True, and that why having both Rea and Assad in the pen could be very helpful with not only being available to spot start but also eat up innings if they need to pull these starters early. 

Steele return will allow them to give the rotation an extra day off and the possibility of going to a 6 man.

Having a kid like Wiggins waiting in the wing is always a plus.

A poster mentioned above about concerns with health for the playoffs, if they get that far and theres no serious setbacks with any of these starters throughout the season, having 9 starters ( Steele Rea Assad Wiggins) on the team will go a long way with keeping them fresh and allow them to skip starts here and there especially in September if they're way ahead in the standings.

I think this is an important piece to the pitching puzzle. 

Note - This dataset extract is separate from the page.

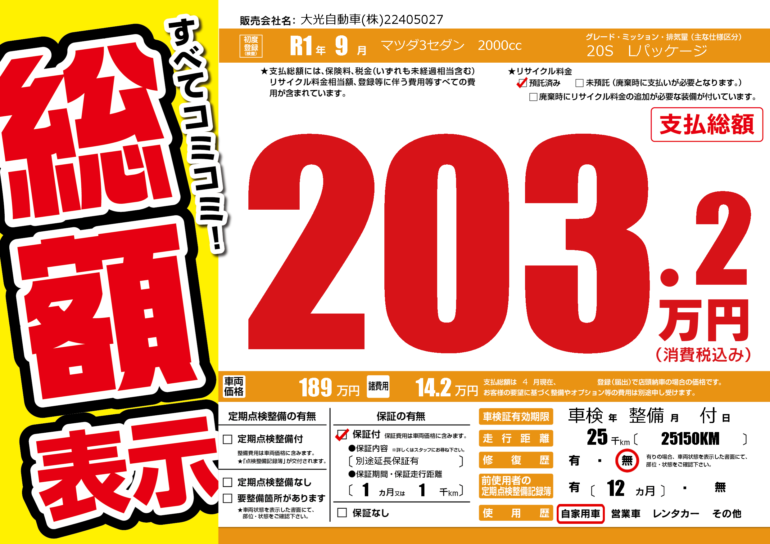 | 車名 | マツダ3セダン 2000cc | グレード ミッション 排気量 |

With so many of this team's very good pitchers having questionable health, having Rea, Assad and one of Wicks/Brown available out of the bullpen for a full time through the order keeps everyone fresh, allowing starters like with injury/workload concerns to just go twice through the order. The bullpen is suddenly very crowded. 

Posted
8 minutes ago, squally1313 said:

Well the Dodgers are going to be there for the foreseeable future so maybe we should have kept the Caissie window open and not traded for Cabrera?

Even if you added Cabrera to last years team they still wouldn't have had the depth to get through 2 7 game series. Tucker was hurt, the whole pitching staff was taxed. Cabrera could have given the bullpen less innings but he pitched the most innings in his career last year too so who knows how many innings he could have given you. I don't think they win it even if they had Cabrera last year.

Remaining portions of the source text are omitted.